With the repository set up, it's time to outline how to use it for analysis. While at the end of the day you should do whatever is natural for your team. I recommend adopting a modification of the Gitflow workflow:
No work is done in the main branch of the repository.
When you have a new task, make a branch off of
mainand do all of your work in that new branch.
All notebooks should live in the
/notebook/directory. Use subdirectories to group similar notebooks.
When the task is finished, clean up the branch and update the ReadMe to describe any new files.
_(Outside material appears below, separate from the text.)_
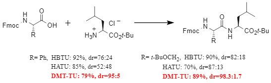 高反応性に加えて,優れた凝縮試薬は強力なレーセミゼーション抑制能力を持つ必要があります.Racemizableアミノ酸基板の比較実験では、DMT-TUは優れたracemization抑制を示し、HATUやHBTUのような伝統的な試薬よりも低いracemization比を達成した(図4参照)。

Depending on how formal your team is, manually merge the branch back into
mainor submit a pull-request.
This structure ensures that analysis tasks are done in isolated environments and only merged back when they're finalized, and you don't need to constantly worry about pulling from the main branch and resolving merge requests.
This repository structure does a great job making sure analysis is done in a clear, reproducible matter, but I haven't touched on how to actually save results. In fact, because of our commit-hook, even if your VCS server rendered Jupyter notebooks (and many do) there would be no output and only code! How do we actually save results in a format that can be looked back on? This will vary from person-to-person, but I like to create a
/results/ directory and use Sphinx to create a static website with a new page for each result. Be sure to populate them with saved images and hard coded values so that the results persist even if you edit the code later on.
Static site generation with Sphinx can easily be integrated into a CI/CD workflow and Github even offers free hosting of static pages. Look into gh-pages for an easy way to deploy your pages into a GitHub hosted Static site.
This entire template can be found on my GitHub, feel free to fork it for your own projects and submit requests for additional features!